What you have to do:
Only the lines from the line with "Elegant girly blue" through the end of the records belong in your reply, copied exactly, with every picture left out.

■ ■ ■

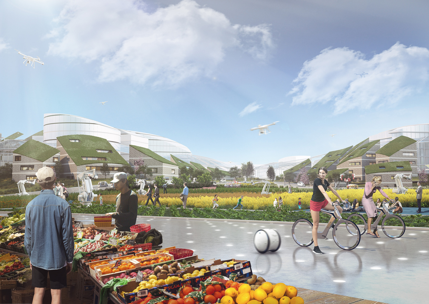 El primer día de clase se reflexionó sobre la ciudad del futuro y todos los compañeros llegamos a una conclusión, esa ciudad debería tener amplias zonas verdes donde la gente pudiese andar e interactuar con las demás personas y el uso de transporte privado fuera nulo.MVRDV ha presentado esta ciudad del futuro, como se muestra, la ciudad contendría una gran superficie de espacio verde que integraría la arquitectura en el paisaje y habría una gran carencia, la gran superficie que se comen las carreteras en cualquier ciudad aquí ese espacio se usa para generar zonas colectivas y el transporte de mercancíassería mediante drone.Otro concepto propuesto es el de supermanzana, esta población contendría todos los servicios y toda la industria necesaria para poder abastecerse, trabajar, divertirse entre otras muchas cualidades. La zona estaría comunicada con una sola línea de metro con la ciudad más próxima.
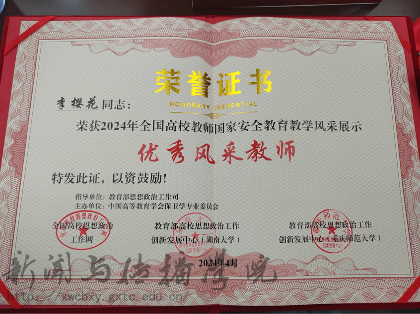 4月10日至12日,由教育部思想政治工作司指导,中国高等教育学会保卫学专业委员会、全国高校思想政治工作网、教育部高校思想政治工作创新发展中心联合主办的“2024年高校教师国家安全公司产品风采展示”在重庆师范大学举行。经过激烈角逐,英国威廉集团官网团委书记李樱花老师在2024年高校教师国家安全公司产品风采展示活动中荣获“国家安全公司产品优秀风采教师”,实现了公司教师在全国国家安全公司产品竞赛成绩的新突破。
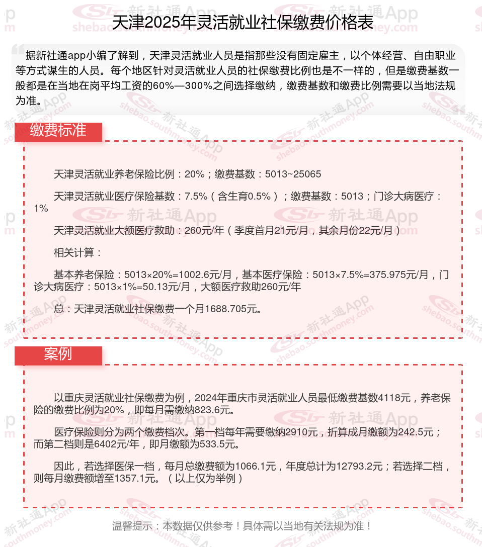 提示:天津灵活就业人员每个月的缴费压力还是比较大的,每个月的社保费用都是千元,缴费档次越高,灵活就业人员要缴纳的费用也越多。
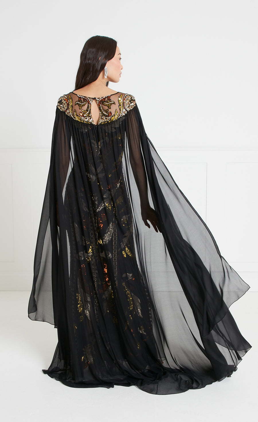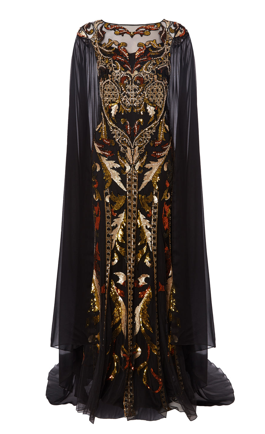 The Novella story is a picture of unfettered drama, showcasing the brand¡¯s signature embellishment: exquisite basketry weave-inspired lattice bugle beadwork interwoven by filigree vine and leaf motifs, enhancing the feminine shape and fluid movement of this spectacular design. Made from soft Italian tulle in black and rosewater, available with or without a cape.
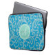 Elegant girly blue floral pattern monogram laptop sleeve
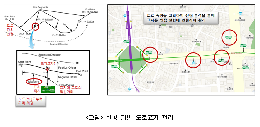 • A linear-based road sign system is a system that links all road sign data to a line (route) of the road and manages the signs on a route basis. The advantage of a linear-based system is that it automatically links all the signs to the linear information on the road, by matching consistent information from the road linear information, so it can improve error elimination & integrity and it is possible to distinguish between up-way and down-way according to the result of patch search and to ensure consistent data extraction.
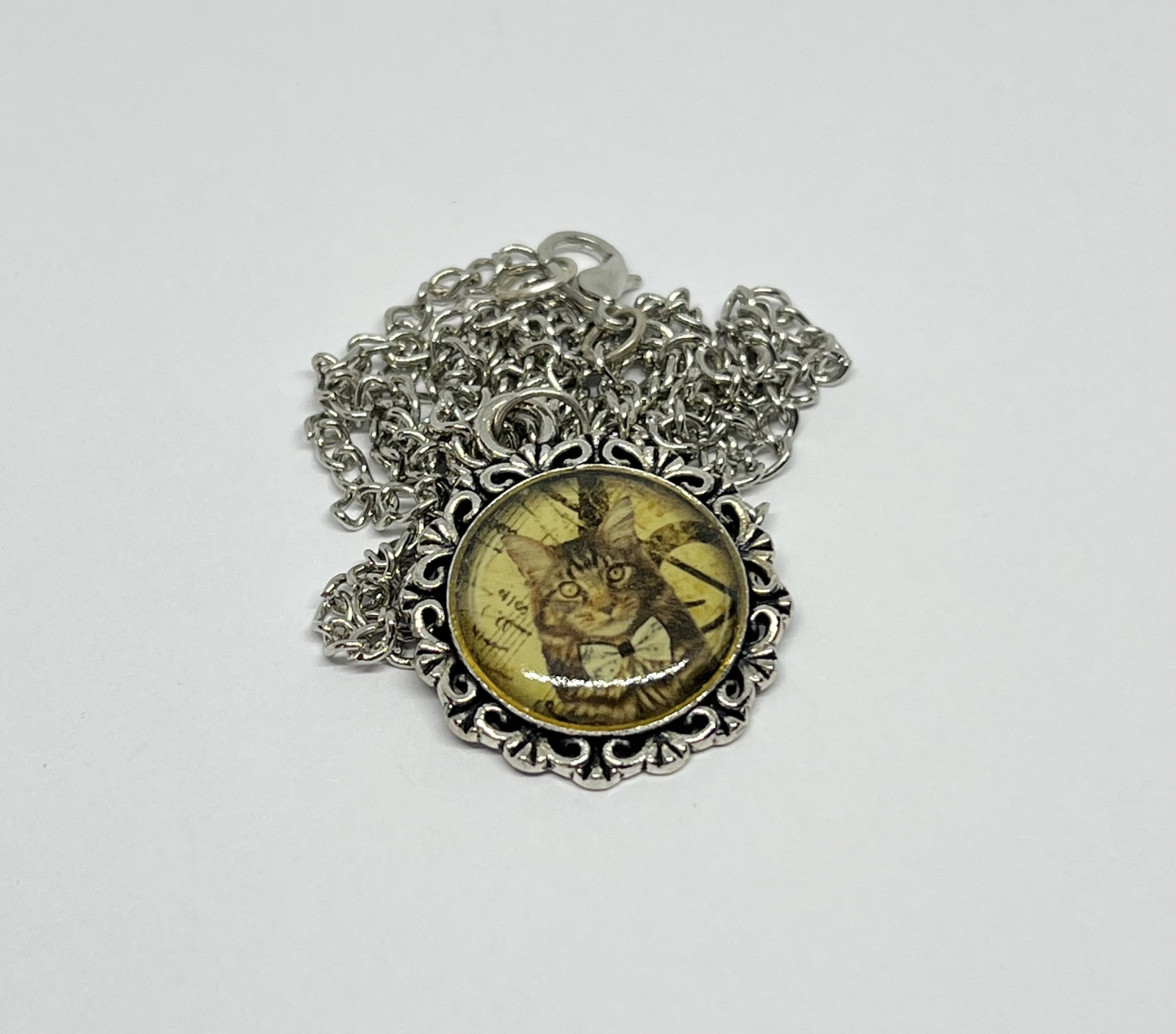 Colier handmade cu pandantiv rotund, decorat cu o imagine vintage reprezentând o pisică elegantă, perfectă pentru iubitorii de feline și detalii inedite. Printul este protejat cu rășină transparentă, oferindu-i luciu și profunzime, iar rama metalică argintie adaugă un farmec retro.

■ ■ ■

Your response:
 Elegant girly blue floral pattern monogram laptop sleeve
 • A linear-based road sign system is a system that links all road sign data to a line (route) of the road and manages the signs on a route basis. The advantage of a linear-based system is that it automatically links all the signs to the linear information on the road, by matching consistent information from the road linear information, so it can improve error elimination & integrity and it is possible to distinguish between up-way and down-way according to the result of patch search and to ensure consistent data extraction.
 Colier handmade cu pandantiv rotund, decorat cu o imagine vintage reprezentând o pisică elegantă, perfectă pentru iubitorii de feline și detalii inedite. Printul este protejat cu rășină transparentă, oferindu-i luciu și profunzime, iar rama metalică argintie adaugă un farmec retro.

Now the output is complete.